In line A, there was no significant difference between the mean number of stings for alarm pheromone and paraffin when colonies were struck with a standard marble stimulus (U = 1258, p = 0.438) and when colonies were not struck with a standard marble stimulus (U = 1387, p = 0.063). The mean number of stings did not differ significantly between alarm pheromone and paraffin when colonies were struck with a standard marble stimulus (U = 1275, p = 0.363) but differed significantly when colonies were not struck with a standard marble stimulus (U = 1456, p = 0.016) in line B. We recorded significant differences in the mean number of stings between alarm pheromone and paraffin when colonies were struck with a standard marble stimulus (U = 1467, p = 0.021) and when colonies were not struck with a standard marble stimulus (U = 1611.5, p = 0.0004) in line C. In line D, the mean number of stings did not differ significantly between alarm pheromone and paraffin when colonies were struck with a standard marble stimulus (U = 1280, p = 0.348) but differed significantly when colonies were not struck with a standard marble stimulus (U = 1443.5, p = 0.027). The mean number of stings between alarm pheromone and paraffin in line E differed significantly when colonies were struck with a standard marble stimulus (U = 1432, p = 0.04) and when not struck with a standard marble stimulus (U = 1454, p = 0.024). However, no significant differences were observed between the mean number of stings for alarm pheromone (when colonies were struck with a standard marble stimulus, U = 1658, p = 0.457, and when not struck with a standard marble stimulus, U = 1472.5, p = 0.084) and paraffin (when struck with a standard marble stimulus, U = 1727.5, p = 0.705,and when not struck with a standard marble stimulus, U = 1470, p = 0.071) at 60 s and 90 s (Figure 5).

4. Discussion

Honey bee workers express behavioral responses to defend their hives against intruders (defensive behavior) [3] and equally remove dead broods and parasites and limit the spread of some diseases in the colonies [40].
Though we found a significant difference in the time of recruitment between alarm pheromone and paraffin mixed with IPA, a mixture of paraffin and IPA recruited honey bees within the average possible time (Figure S3). Our results agree with those of Wager and Breed [41], who found that IPA led to a higher level of flight activity and recruited bees more than other components of the alarm pheromone.
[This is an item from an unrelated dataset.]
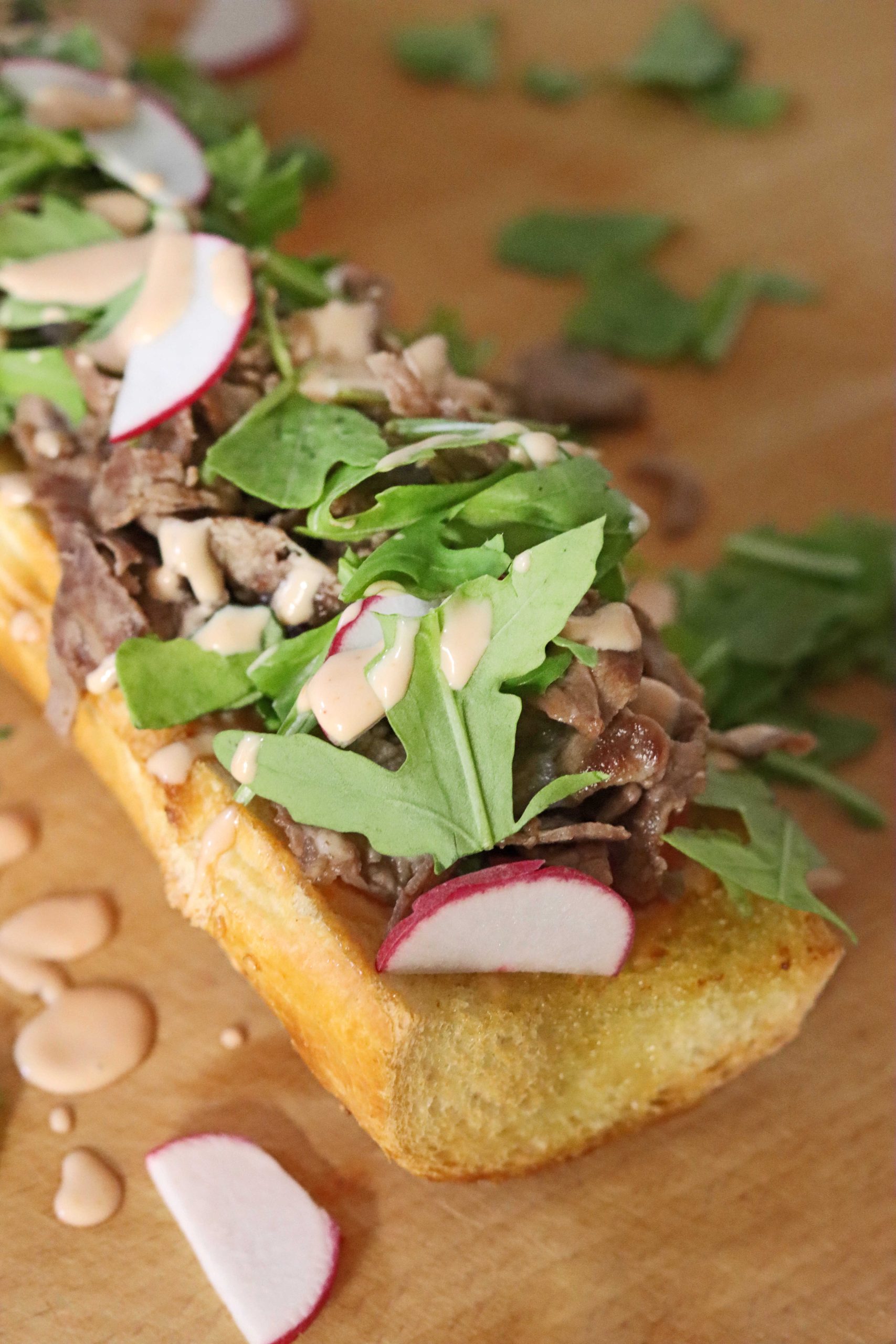 חוצים את הבגט לאורכו, מורחים בנדיבות ומכניסים לתנור שחומם מראש ל־180 מעלות, עד להשחמה קלה וקריספיות.

The present study supports the fact that IPA is a major component of the sting alarm pheromone [42,43]. However, different concentrations of IPA mixed with paraffin oil and their effect on the degree and intensity of recruitment of honey bees still need to be investigated because Lenskyet al. [44] reported that increasing levels of stinging responses of isolated bees correspond to the concentration of IPA used for stimulation. A more recent study has demonstrated that for lone bees, the efficacy of recruitment depends on the alarm pheromone level [45] though they cannot re-assess their decision after the threshold level of the pheromone.
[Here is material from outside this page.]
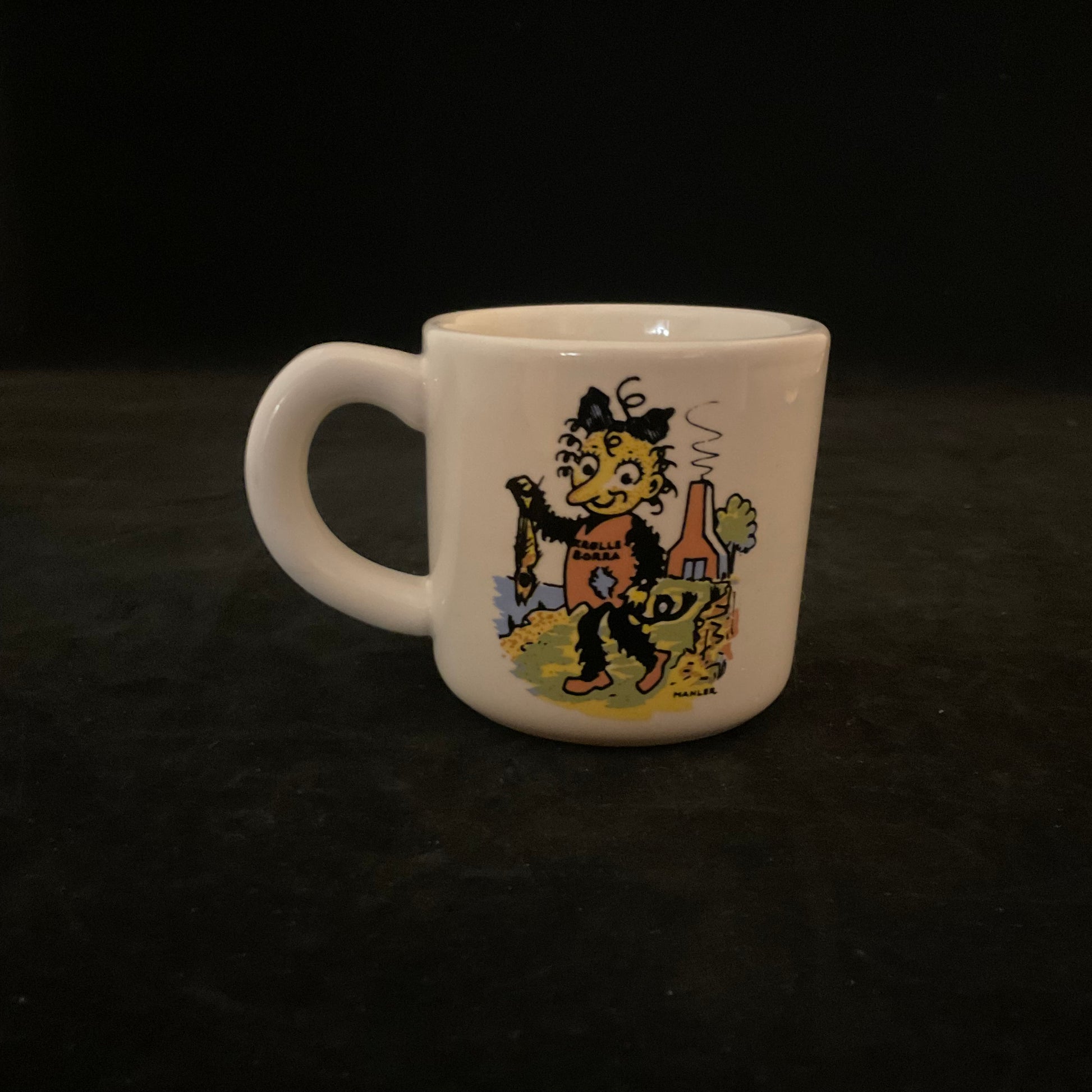 Sjældent vintage krus fra Søholm, dekoreret med de elskede trolde Krølle Bølle og hans søster Krølle Borra, tegnet af Marinus Nielsen i 1950’erne.

Despite the combination of many chemicals to form the alarm pheromone, IPA showed the capacity to elicit defensive responses (alerting, recruiting, and attracting) in honey bees which also increased with time of exposure. Collins et al. [37] reported that IPA is probably a stimulus to elicit defensive behavior in honey bees by alerting, activating, and attracting the bees. In 1989, Collins et al. [43] found positive correlations between levels of IPA and defensive behavior in the field (number of stings) and in the laboratory. Collins and Kubasek [34] documented that the mean number of bees responding to the chemical pheromone outside the colony entrance increases with time. The marginally significant difference in the number of stings between alarm pheromone and paraffin mixed with IPA could be attributed to the multi-component of the alarm pheromone, which provided a complex signaling system to the bees. According to the results obtained by Petrov et al. [46], they hypothesized that aggressiveness in honey bees increases linearly with pheromone level.
In most bred lines (80%), the mean number of stings was higher in the alarm pheromone compared to paraffin mixed with IPA (paraffin mixed with IPA is a chemical cue necessary to elicit a defensive response in honey bees). According to a model of honey bee defensive behavior [37], IPA is probably a stimulus for alerting, activating, and attracting but not for culminating. In this study, it is evident that honey bee response to paraffin mixed with IPA culminated in a sting. In all apiaries and in the wild, honey bee colonies respond aggressively when disturbed or towards a stimulus, but the intensity of the response may differ from colony to colony [21]. Defensiveness in honey bees is a social behavior well known to be influenced by environmental, maturational, and hereditary factors [3,24]. In another study carried out by Bianchi et al. [47], the defensive behavior of honey bees (fly and sting) showed significant differences between apiaries from different locations. The variation in our study (among bred lines) could be linked to the characteristics of the bred lines because environmental and maturational factors were kept constant. We anticipated that the duration of exposure of honey bees to paraffin mixed with IPA could orientate their defensiveness and, consequently, the number of stings. Harrison et al. [48] reported that long-term modulation of social cues induced changes in the phenotypic expression of aggression.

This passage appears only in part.